一人の女の生き様を描く「ハイヒールの男」
1.主演チャ・スンウォンの魅力
韓国版安田顕、あるいは15年後の東出昌大を想像させるチャ・スンウォンさんのお顔立ち。
男らしくて、骨ばっていて、背が高い色男の彼ですが、作中で演じるのは「女性になりたい」と願う警察官です。
彼の凄み、それはトランスジェンダーとして全く違和感がないこと。
視線、顔の向き、仕草、話し方、その全てに「女」が隠されていました。
韓国の俳優さんは演技が上手いという勝手な概念を持っていますが、この映画でも裏切られることはありませんでした。
2.韓国映画のハードアクション
韓国映画のアクションといえば、やたらグロテスクな表現が目立ちますが、この作品もところどころ目をそらしたくなるような残虐な表現があります。

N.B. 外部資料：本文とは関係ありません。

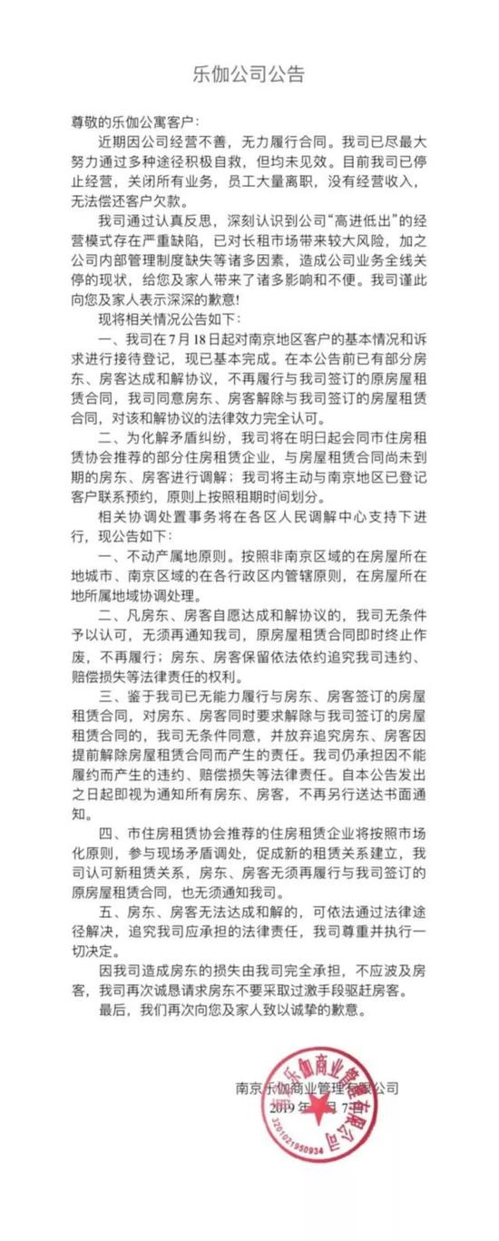 另外,乐伽公寓还表示,自7月18日起,公司对南京地区客户的基本情况和诉求进行接待登记,现已基本完成。在本公告前,已有部分房东、租客达成和解协议。同时,8月8日起,会同南京市住房租赁协会推荐的部分住房租赁企业,与房东和租客进行调解。
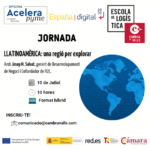 10Jornada: Llatinoamèrica, una regió per explorarJornada: Llatinoamèrica, una regió per explorarTime: 10:00 - 11:30 Continguts: La sessió servirà per parlar de continguts varis com els aranzels a tenir presents, experiència prèvia a la regió de Latam, mercats, elecció dels països, definició dels canals, serveis i l’experiència personal del ponent. La sessió forma part del cicle de jornades que organitza l’Oficina Accelera Pime de la Cambra de Valls a favor de la transformació digital de les empreses. La iniciativa està impulsada per red.es, Cámara de Comercio de España, Plan de Recuperación, Transformación y Resiliencia i la Unió Europea, a través dels Fons Europeus de Desenvolupament Regional./// Dia: Dilluns, 10 de juliol de 2023/// Hora: 10 hores/// Format: híbrid/// Sessió: gratuita/// Inscripcions: https://forms.gle/SukBZsDNRQ2cSxNR7///
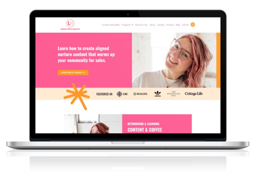 This vibrant website design perfectly captures Lindsay's energetic personality with bold pink and orange branding. The custom design includes everything from logo creation to a complete visual identity, with dedicated pages for each service offering and an email marketing sequence that matches the brand's friendly, approachable voice!
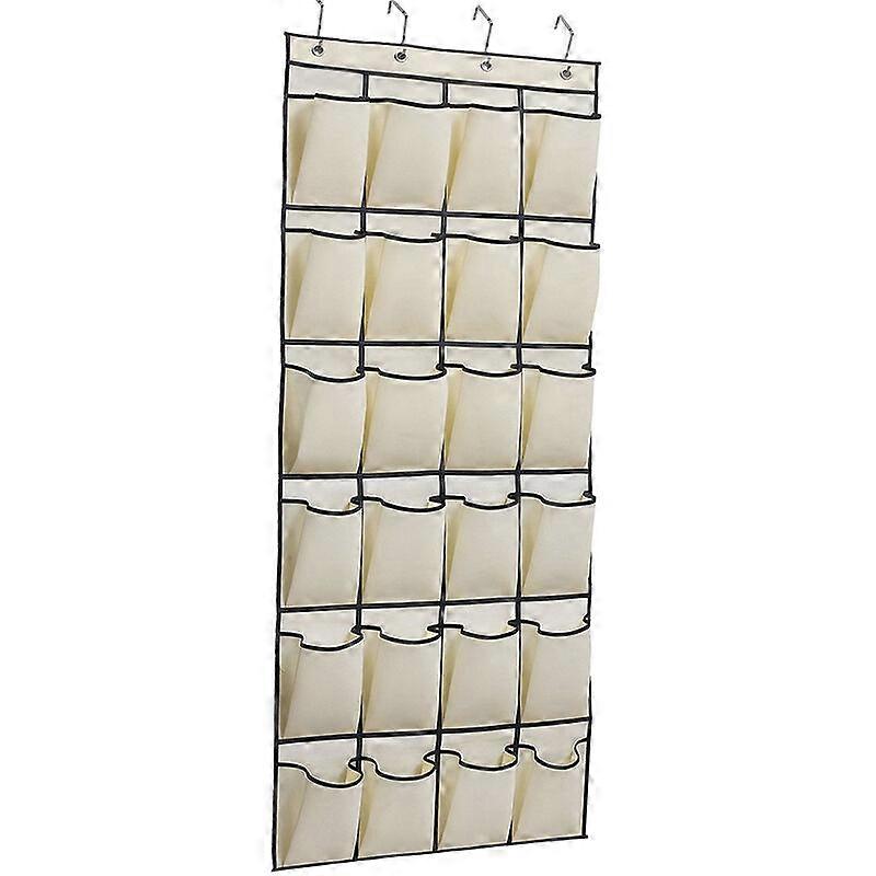 Hanging shoe storage 24 pockets on door Space saving shoe storage shoe cabinet with 4 hooks beige
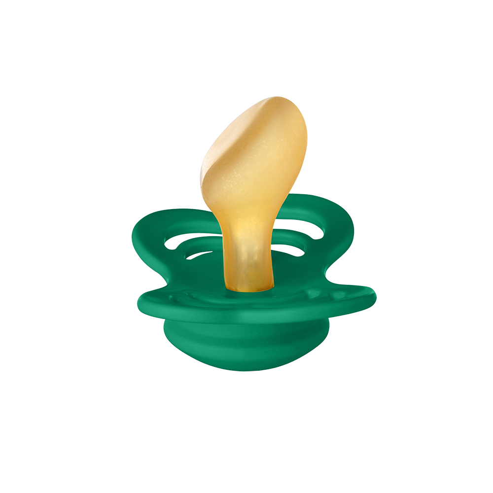 The curved top promotes a tongue placement and sucking technique where the sides of the tongue cup around the nipple, like it, does during breastfeeding. The angled tip means that the baby does not need to suck as hard for the pacifier to flatten inside the mouth.
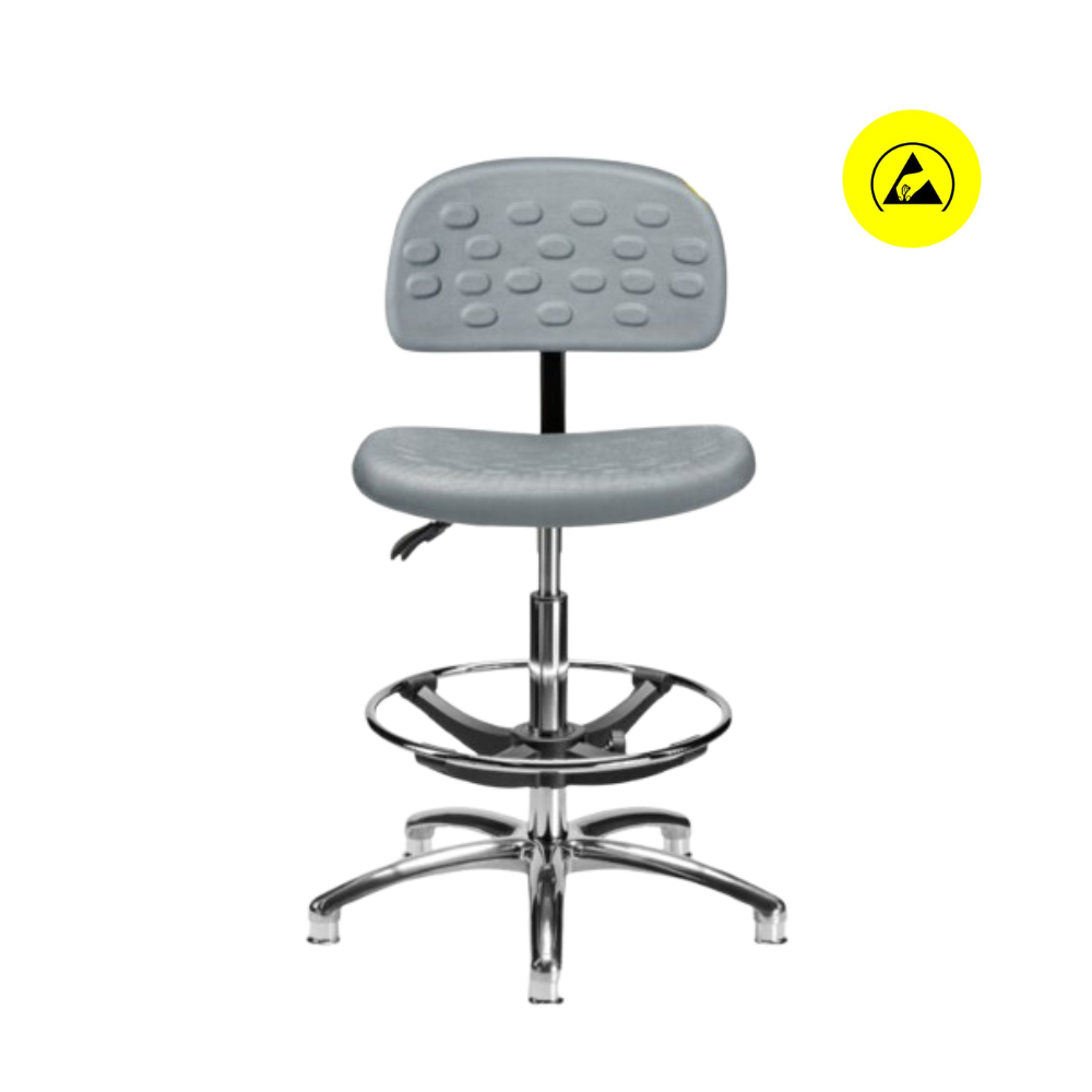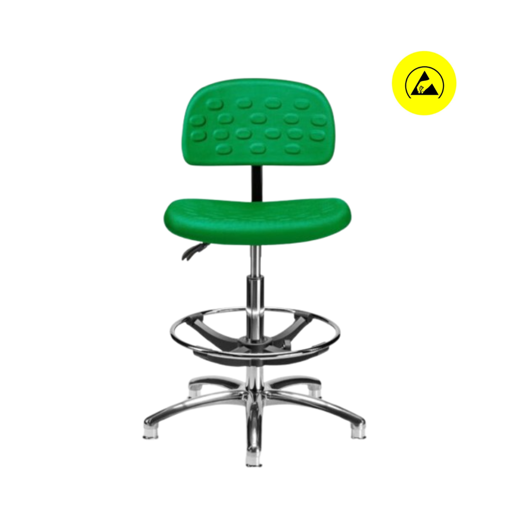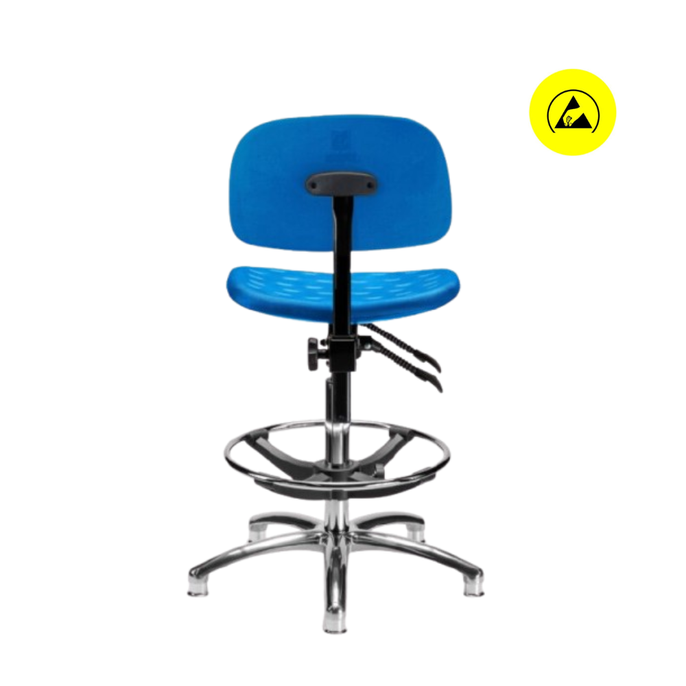 Silla giratoria 1914 A ESD, respaldo y asiento moldeados de poliuretano tipo piel integral, mecanismo de reclinación de respaldo, ajuste neumático de altura, base de 5 puntas con regatones o rodajas y aro descansapiés.
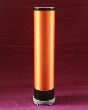 Die Abschlusskapazität (Topload) bildet eine hochglanzpolierte Edelstahlkugel mit einem Durchmesser von 200 mm. Diese wird einfach auf die Sekundärspule aufgesetzt.
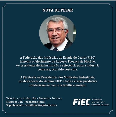 A indústria cearense perdeu, nesta terça-feira (11), um de seus maiores nomes. A Federação das Indústrias do Estado do Ceará (Fiec) anunciou o falecimento do empresário Roberto Proença de Macêdo, 81 anos, ex-presidente da entidade e atual presidente do Conselho de Administração do Grupo J. Macêdo. A Fiec decretou luto oficial de três dias.
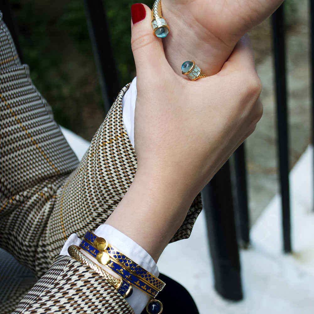 Skinny Cabochon Pearl Cobalt & Gold Bangle
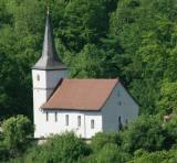 Wir fu hren bis zu der kleinen Kirche St. Moritz oberhalb von Leutenbach

しかしカメラのアングルやスロー映像を駆使した撮影など、非常に見やすいアクションで、「ん?今どうなったの?」というような混乱はないでしょう。
しかも超ハード。体格のいいチャ・スンウォンがよく映えます。
3.トランスジェンダーの苦悩が詰め込まれた作品
これが特に顕著に現れていたのは幼少期の回想シーンと居酒屋で仕事仲間と飲むシーンだったと思います。
クラスメイトからのいじめともとれるからかい、悪気のない仕事仲間の差別的ジョーク、「女装」をネタに悪ふざけする同僚。
トランスジェンダーの方なら共感できるであろう肩身の狭い経験を描いています。
性転換に関しても深く追求しており、主人公は全てをかけて性転換をするべきかどうか悩んでいます。
4.トランスジェンダーとして生きるための教訓
「手術するだけじゃ女にはなれない。心が完全に女になったら、手術すべきよ」
(女装して外へ出れば)変な目で見られるわ。それを感じて。強く感じるのよ。そして何も思わなくなったら……女になってるわ」
作中に登場するトランスジェンダーキャラのセリフです。
私自身、トランスジェンダーと単なるレズビアンの狭間で彷徨っているので、このセリフには強く感銘を受けました。
外へ出れば確かに変な目で見られることは少々あります。
まだ私はそれを何とも思話ないなんてできません。
まだ不安定に生きていることを痛感しました。
平気だと思っていても、意外に繊細な心を人間は持っています。
今一度自分と向き合うため、トランスジェンダーとして生きるためにぜひこの映画に触れて欲しいです。